Problem to solve: The data below holds a line containing "Esemplare vintage di" and a line containing "Βήμα 8:Χρησιμοποιήστε τοαναζητούν"; please quote exactly those two lines and every line between them, and nothing else.

Source data:
◆ ◆ ◆ ◆
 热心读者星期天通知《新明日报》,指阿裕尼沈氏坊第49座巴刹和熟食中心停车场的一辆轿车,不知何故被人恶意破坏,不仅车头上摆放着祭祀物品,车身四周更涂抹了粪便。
◆ ◆ ◆ ◆
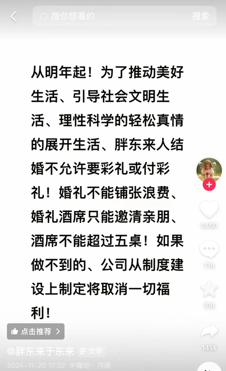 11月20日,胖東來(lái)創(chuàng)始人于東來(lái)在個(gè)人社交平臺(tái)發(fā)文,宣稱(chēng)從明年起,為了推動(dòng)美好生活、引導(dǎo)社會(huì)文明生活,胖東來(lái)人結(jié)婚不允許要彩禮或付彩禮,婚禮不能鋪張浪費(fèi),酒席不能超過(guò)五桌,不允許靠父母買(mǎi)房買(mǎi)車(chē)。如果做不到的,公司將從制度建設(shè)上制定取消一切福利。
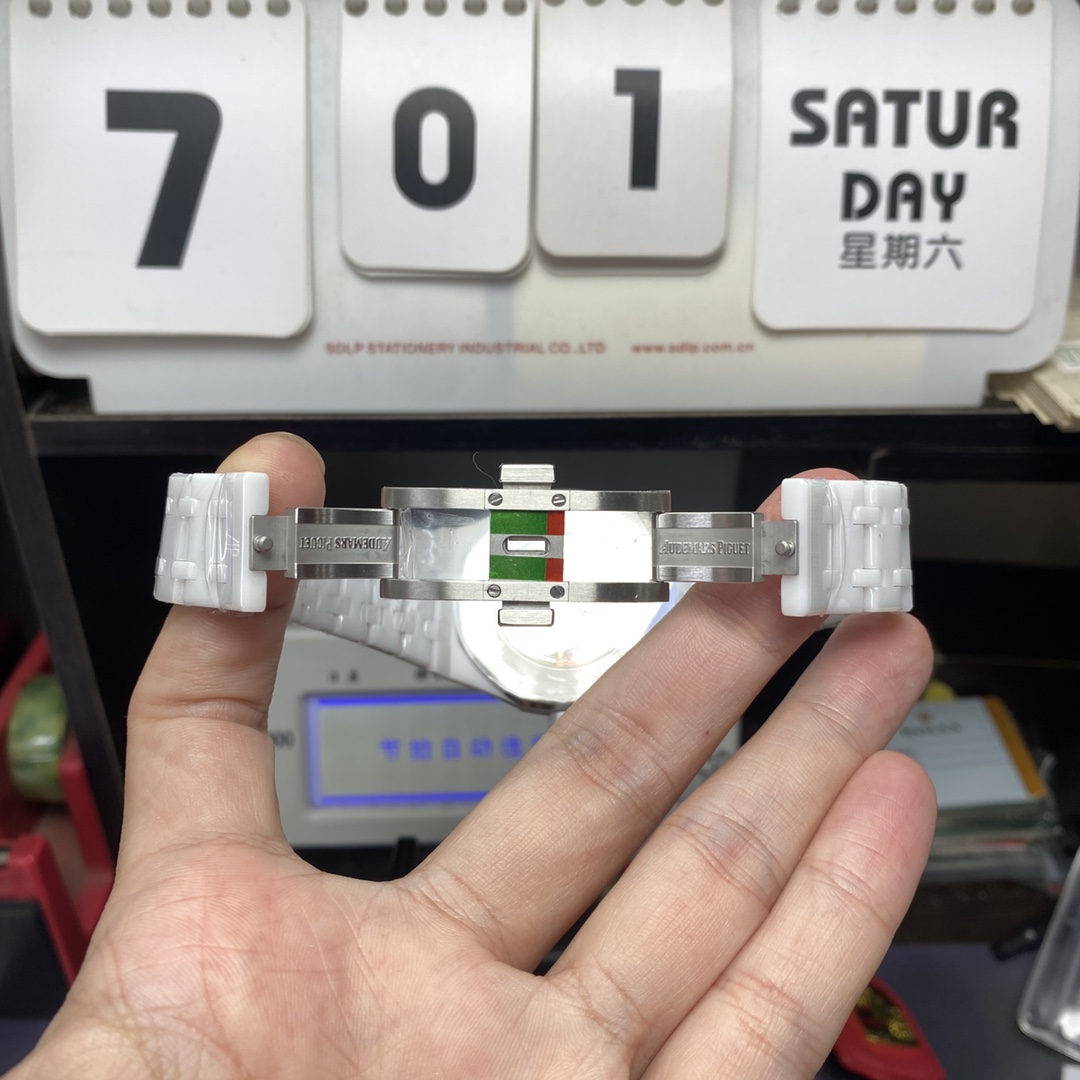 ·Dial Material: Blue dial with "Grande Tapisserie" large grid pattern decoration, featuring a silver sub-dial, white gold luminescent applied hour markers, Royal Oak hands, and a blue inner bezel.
◆ ◆ ◆ ◆
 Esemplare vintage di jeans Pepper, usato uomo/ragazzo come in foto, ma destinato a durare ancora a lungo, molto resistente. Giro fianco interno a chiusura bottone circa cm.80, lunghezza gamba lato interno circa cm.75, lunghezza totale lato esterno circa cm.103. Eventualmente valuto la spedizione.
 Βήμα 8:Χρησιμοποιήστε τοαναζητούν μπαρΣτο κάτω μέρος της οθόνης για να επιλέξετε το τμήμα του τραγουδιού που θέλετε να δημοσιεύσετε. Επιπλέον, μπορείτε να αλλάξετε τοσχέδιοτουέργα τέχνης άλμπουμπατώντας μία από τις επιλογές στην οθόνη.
◆ ◆ ◆ ◆
Solved exercise:
 Esemplare vintage di jeans Pepper, usato uomo/ragazzo come in foto, ma destinato a durare ancora a lungo, molto resistente. Giro fianco interno a chiusura bottone circa cm.80, lunghezza gamba lato interno circa cm.75, lunghezza totale lato esterno circa cm.103. Eventualmente valuto la spedizione.
 Βήμα 8:Χρησιμοποιήστε τοαναζητούν μπαρΣτο κάτω μέρος της οθόνης για να επιλέξετε το τμήμα του τραγουδιού που θέλετε να δημοσιεύσετε. Επιπλέον, μπορείτε να αλλάξετε τοσχέδιοτουέργα τέχνης άλμπουμπατώντας μία από τις επιλογές στην οθόνη.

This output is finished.